I awoke to a soft push on my arm I blinked my eyes open to be met with vibrant green ones. "Timothee," I said softly. He nodded his head quickly.

"I've been looking for you everywhere," he rushed out grabbing for my hand and slowly played with my fingers.

"Stop," I said quickly ripping my hand from his grasp hating the butterflies I felt in the pit of my stomach. His face fell but he quickly fixed it.

"Please let me talk to you," He begged staring into my eyes intensely "We can go to a cafe."

"Why would I do that," I asked him. I knew I was being a bitch but I didn't want to give in.

"Fine we can talk here," he said sitting beside me his knee knocking into mine. Which I quickly moved my knee away from his. "I know you're mad," he started softly "and I understand if you don't want to talk to me again after this." 

"I literally said I don't want to talk to you right now," I started but he just cut me off.

"The reason I have been gone is because I was in rehab, I'm over three weeks clean as of now."

I stared at him and he stared back "Why didn't you tell me," I asked, "I thought you were dead."

"I'm so sorry, My parents signed me up for it so quickly once I said I wanted to go I didn't even think of it."

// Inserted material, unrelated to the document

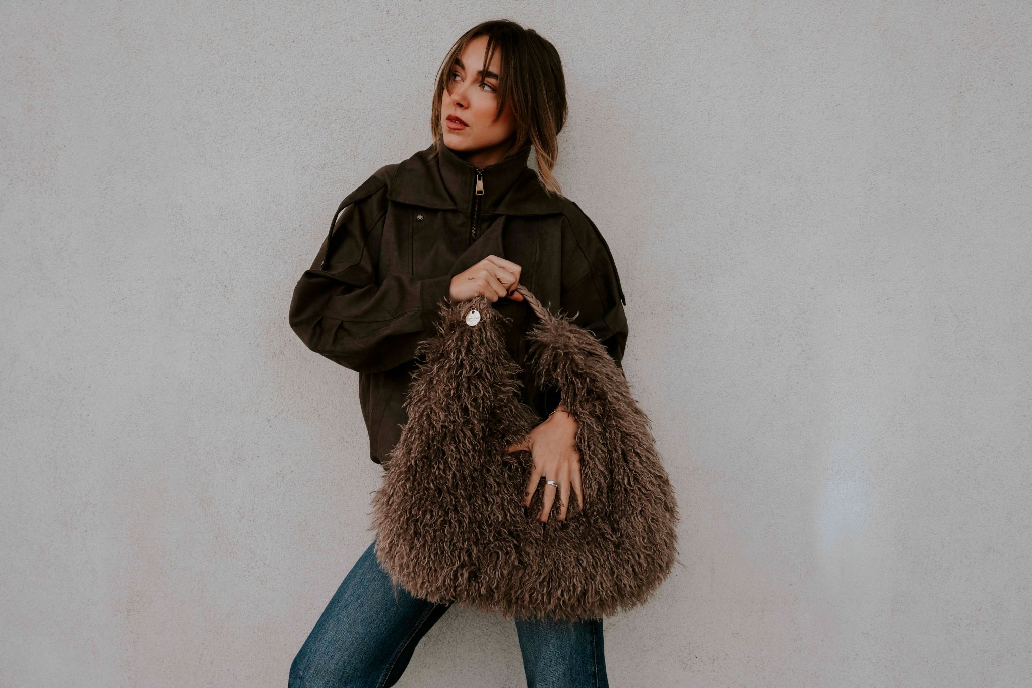 Stylová kabelka s kožešinou v taupe barvě působí luxusně a zároveň moderně. Je bez venkovních kapes, takže vynikne její čistý a sofistikovaný design. Interiér nabízí jednu prostornou hlavní kapsu a menší boční kapsu na drobnosti, která se uzavírá zipem. Součástí kabelky je přídavný popruh s karabinami, díky němuž ji lze pohodlně nosit i přes tělo. Kabelka se uzavírá zipem a její vzhled podtrhuje zlatý přívěsek Alex Max.

"I don't even know what to say right now," I mumbled softly. "You have no idea how much that hurt me. I laid in my bed every day and cried so many things happened that I wanted to tell you but I couldn't I lost my best friend and it didn't even seem like you cared." I said softly. "I liked you so much I thought you felt the same," I looked into his eyes which were now glossed over.

"I know," he said his voice shaky "I'm so sorry," a tear slipped from his eye and I couldn't help but reach up and gently wipe it away. 

"I'm proud of you," I told him "truly I'm so glad you're strong enough to get out," I grasped his hand. He only nodded at me tears were streaming down his perfectly sculpted face at this point.

"Thank you," he whispered leaning onto me and I wrapped my arms around his frail body and held him as he laid his head on my lap, and I slowly ran my hand through his curls.

I only felt confusion and sadness as I sat there and listened to the bell ring signifying lunch was over and the next period was about to begin. But we just sat there through it the librarian not seeming to care or not even knowing that we were in here. I wondered what this made us I didn't know if I was ready to jump headfirst back into what we once were, I wished I could change everything I wanted so desperately to go back to when things were simpler and I only knew him as the boy who talked too loudly with his friends in the library during lunch.